海援隊の前身となる「亀山社中」は、龍馬勇躍の礎となったことで有名。そこから距離200メートルほどの位置に鎮座するのが、今回紹介する「若宮稲荷神社」です。

この長崎市内随一の稲荷神社は、龍馬を初めとする維新志士たちに厚く崇敬された歴史から「勤皇神社」、「勤王稲荷」の異名をもち、その縁から境内に、風頭公園の「坂本龍馬像」の原型が寄贈されています。

また、「若宮稲荷神社」を語る際に忘れてならないのが、毎年10月14日・15日に奉納される「竹ン芸」。
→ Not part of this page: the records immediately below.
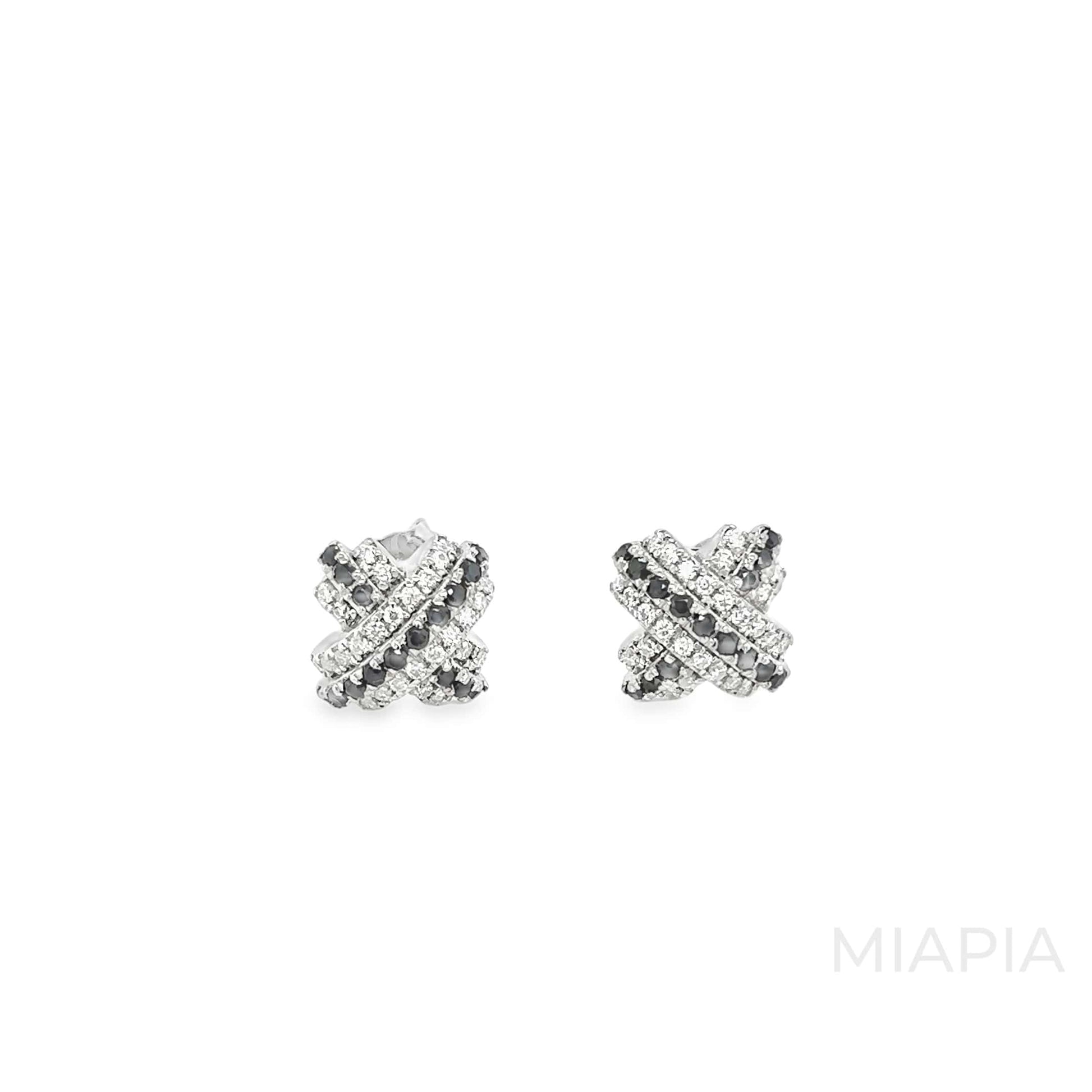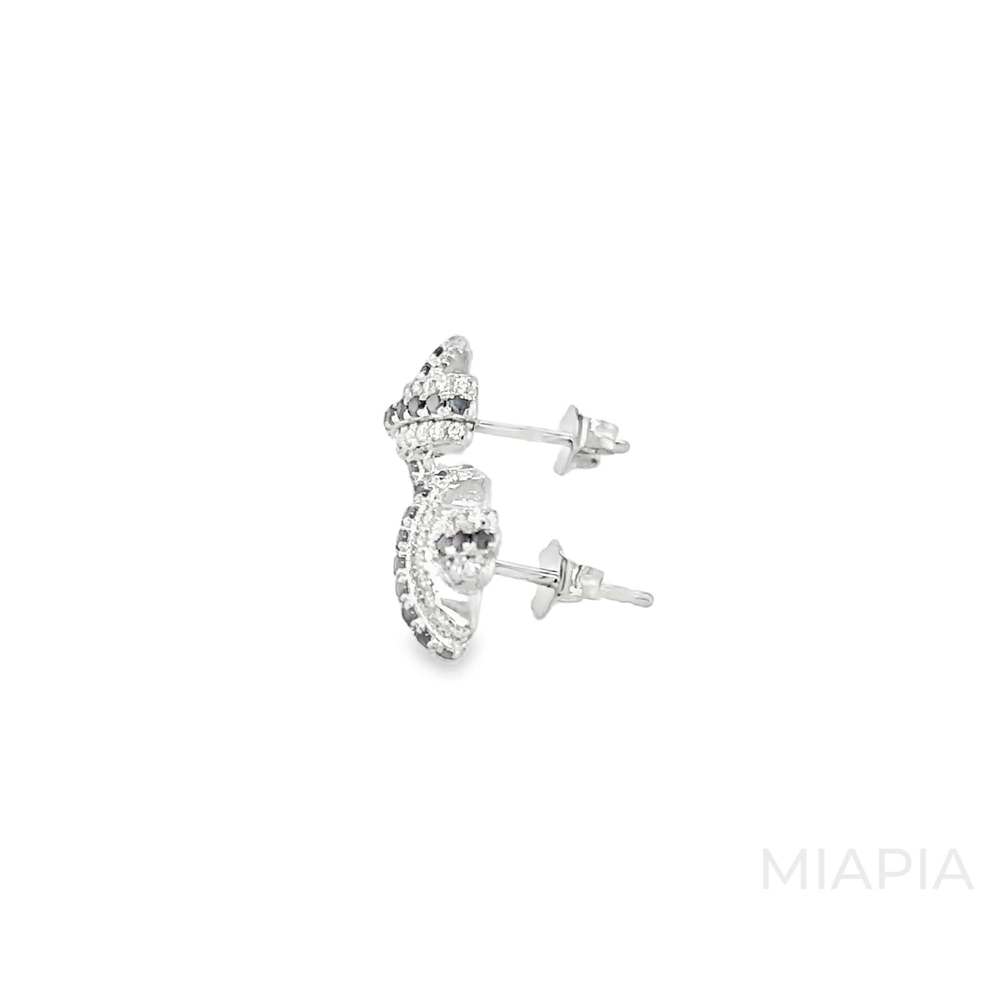 Embrace modern luxury with Miapia’s Twinkling Wrap Studs. These radiant earrings feature an intricate crisscross design crafted from rhodium-plated sterling silver, delicately set with shimmering moissanite diamonds that capture light from every angle. The elegant wrap-around style evokes sophistication while remaining timelessly chic, making them the perfect statement piece for any occasion.
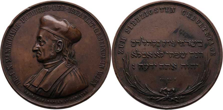I.N.Mannheimer - vídeňský rabín - 70.narozeniny 1863 - poprsí zleva, opis / 3-řádkový hebrejský nápis ve věnci, něm.opis, Nesign., měď 50 mm, hrany, rysky RR!
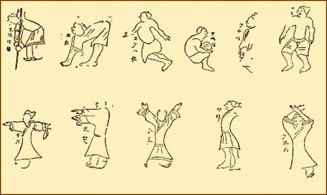 | 8 玉柱七颠 | Yu chu ch’ien tien | battere il piede sette volte (Yuzhu significa pilastro di giada, con riferimento alla spina dorsale) |
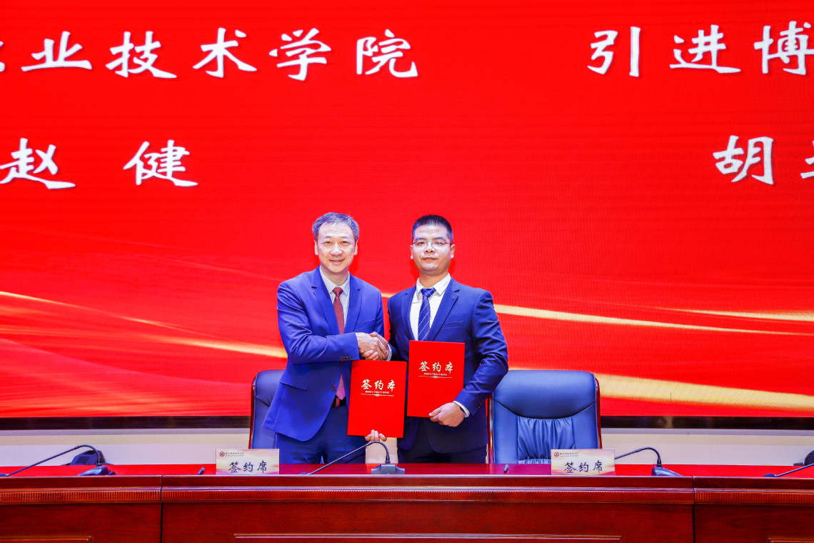 在人才与横向课题签约仪式上,赵健分别与胡亚辉、李玉萍、祝京媛等新引进博士代表和柔性引进人才代表签约。上海金东唐科技有限公司、东融控股集团有限公司、北京履坦科技有限公司等企业分别与学校签订食用菌智能化辐射灭菌系统、亚微米级氢氧化铝制备新技术、基于人工智能的农业机器人作业监测系统开发与试验等11项横向课题项目。
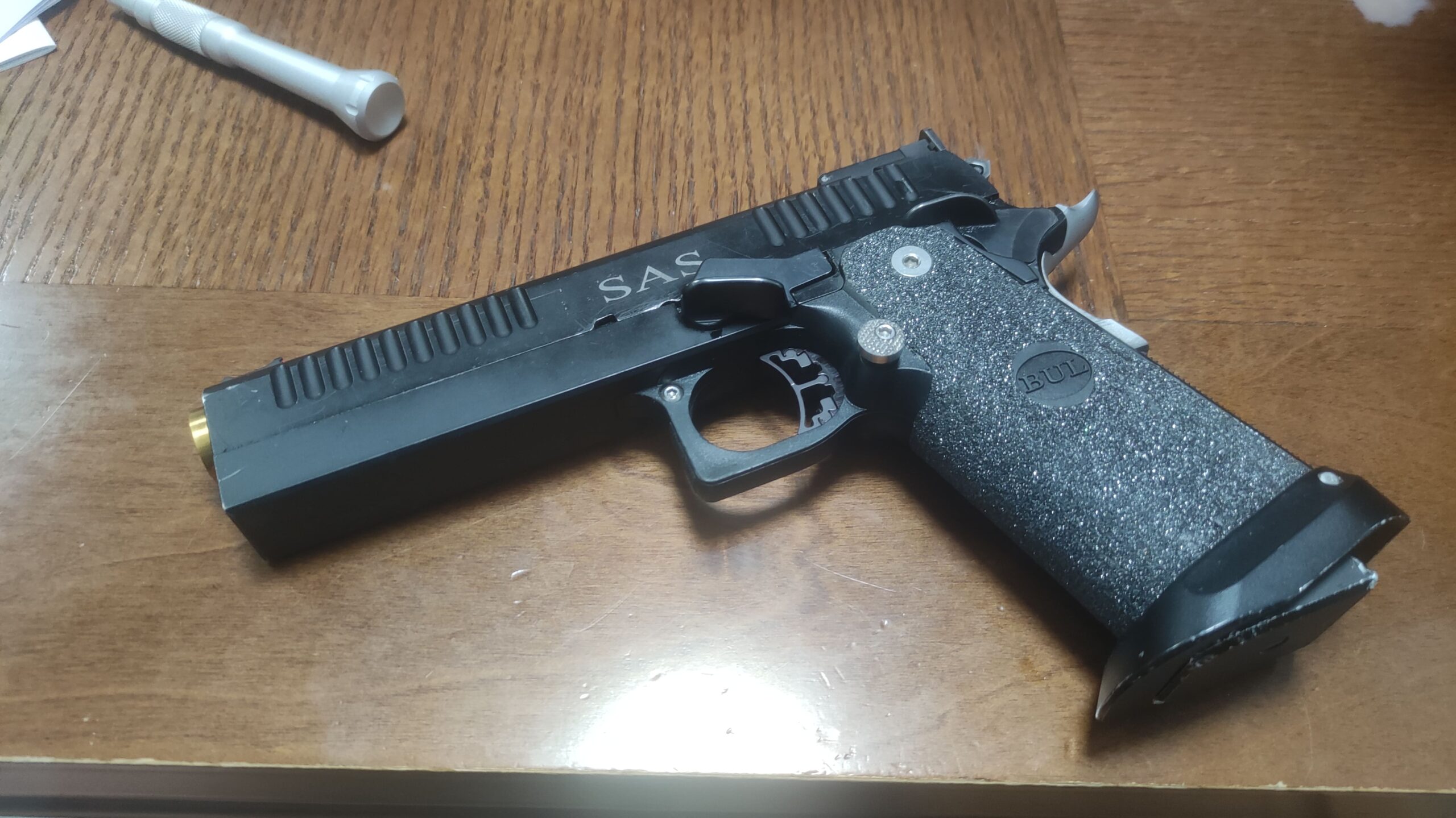 זהו אביזר נשק נפוץ , מכונה באנגלית ” integrated slide stop / thumb rest ” או בכינוי הנפוץ שלו בעולם הירי המעשי , “Gas Pedal ” ( פדל גז ) .
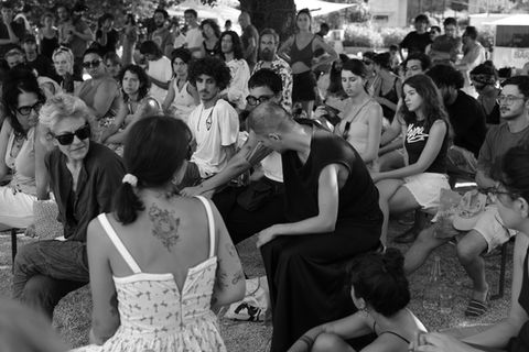 Il progetto curatoriale DINTORNI. Teorie e pratiche per corpi sonori parte da questi interrogativi per indagare la voce e l’alterità nelle sue più ampie sfumature. La voce, essa stessa linguaggio, produce spazi acustici esperiti come spazi liminali, come spazi di continui mutamenti, passaggi e metamorfosi. Il corpo diviene così cassa di risonanza che vibra nell’emissione e nell’ascolto della voce, diviene la medesima abitazione dell’essere, il suo eco crea e inventa mondi, atmosfere, spazi e sensazioni.
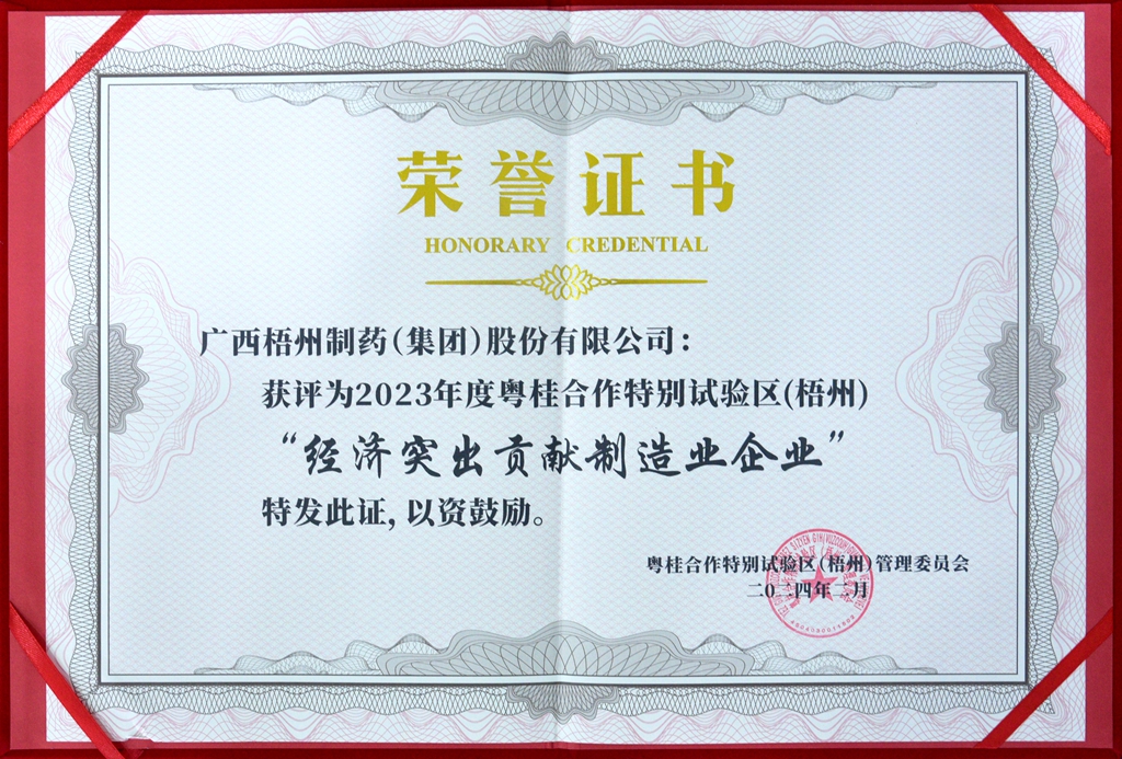 廣西梧州制藥(集團(tuán))股份有限公司獲評(píng)為2023年度粵桂合作特別試驗(yàn)區(qū)(梧州)經(jīng)濟(jì)突出貢獻(xiàn)制造業(yè)企業(yè)
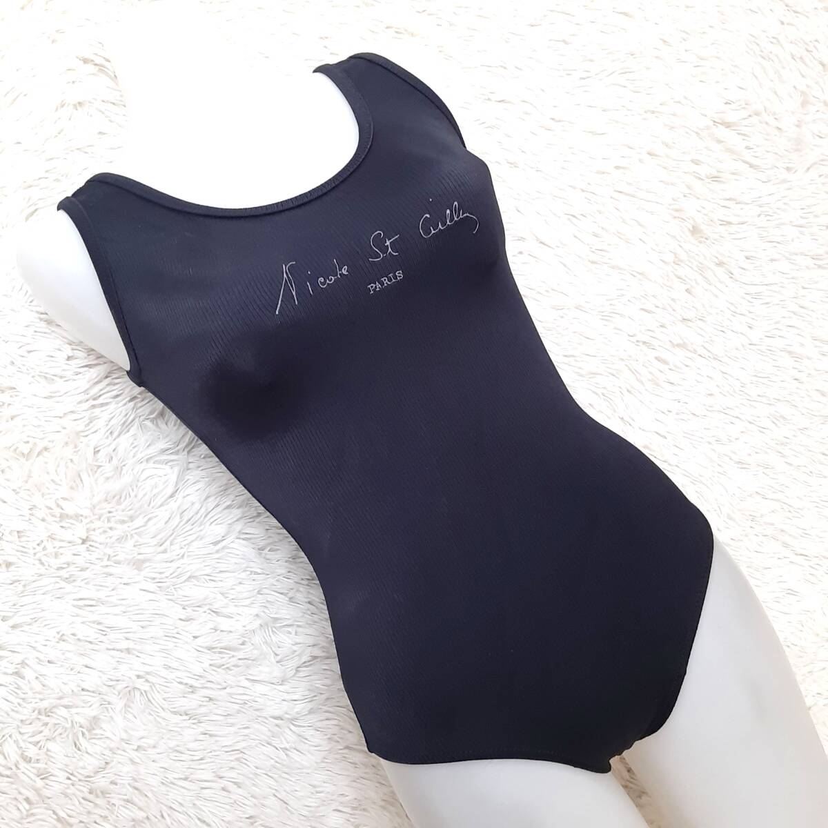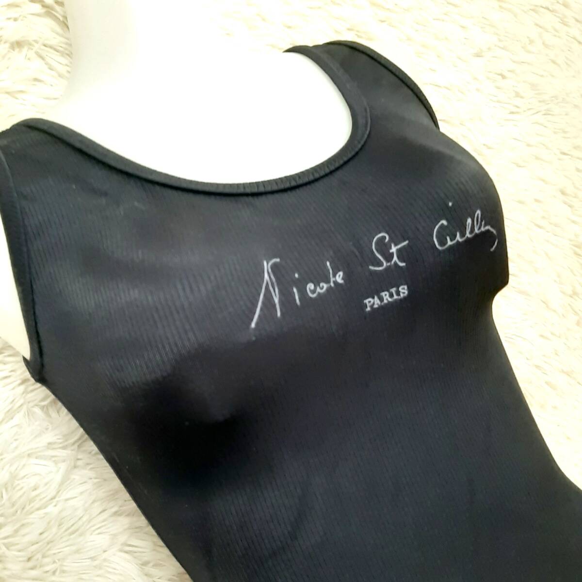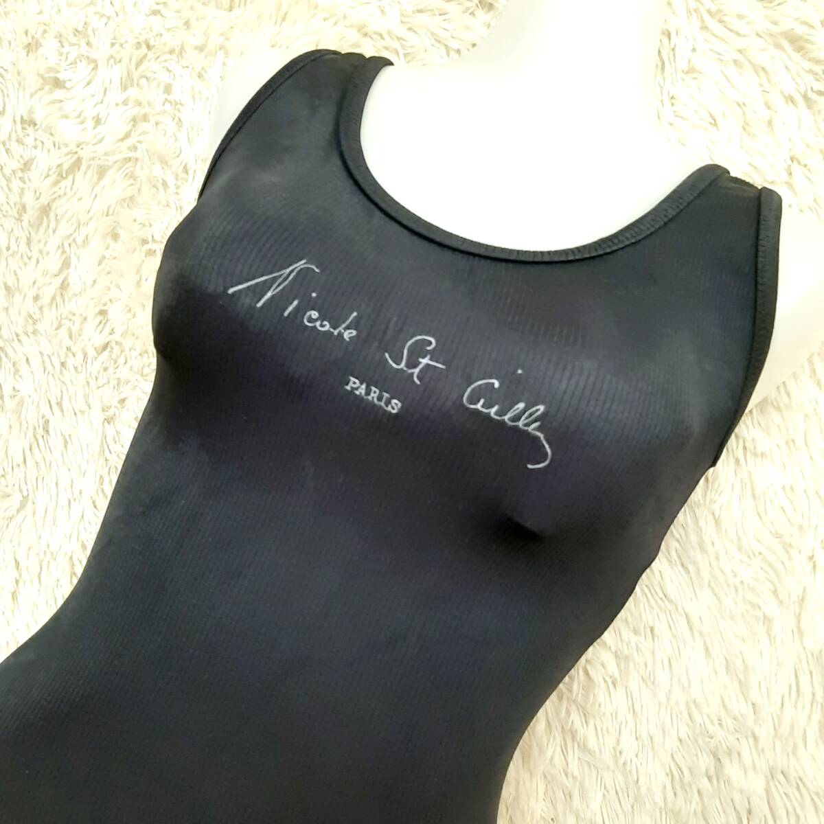 匿名配送 美品 厚手 ニコル Nicole St Gilles 光沢 背中リボン ワンピース 水着 ブラック 黒 日本製 M X
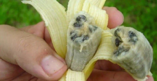 La imagen de la supuesta banana contaminado pertenece al sitio web FusariumWilt.org y describe que es un plátano silvestre de semillas grandes.
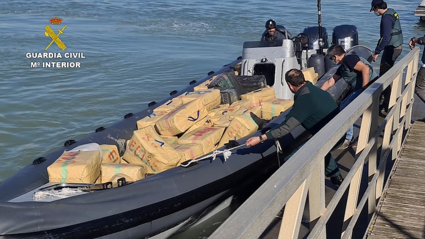 En la investigación, iniciada en diciembre del año pasado, los agentes han realizado hasta 37 registros en las localidades gaditanas de Sanlúcar, Chipiona, Trebujena y en la aldea de El Rocío (Almonte, Huelva). En todas esas entradas, la Guardia Civil ha conseguido recuperar 14.380 kilos de hachís, una embarcación semirrígida trimotor, garrafas de combustible, documentación y teléfonos móviles.
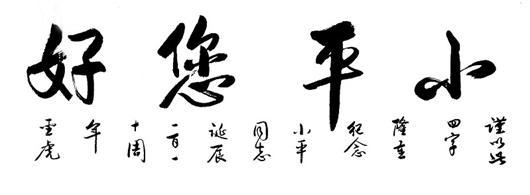 8月18日,傍晚。武昌中北路一幢写字楼里,胡圣虎认真调好墨,先在一张草稿纸上练了几笔,再认真铺好一张宣纸,凝神定气,挥毫泼墨,为我们写下这幅“小平您好”!
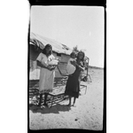 Two unidentified young Aboriginal women holding babies outside makeshift building.

雄雌ついのキツネを模した演者が、10メート以上の竹の上で、命綱なしの曲芸を奉納します。

このように魅力に富む「若宮稲荷神社」を、「駐車場情報」、「ご利益(ご神徳)」とともに解説します!

若宮稲荷神社境内は神さまがおられる神域です。あくまで神社に詣でるというおごそかな気持ちで散策してください。

また閑静をみだす行為は厳につつしみ、参拝作法とマナーをお守りください。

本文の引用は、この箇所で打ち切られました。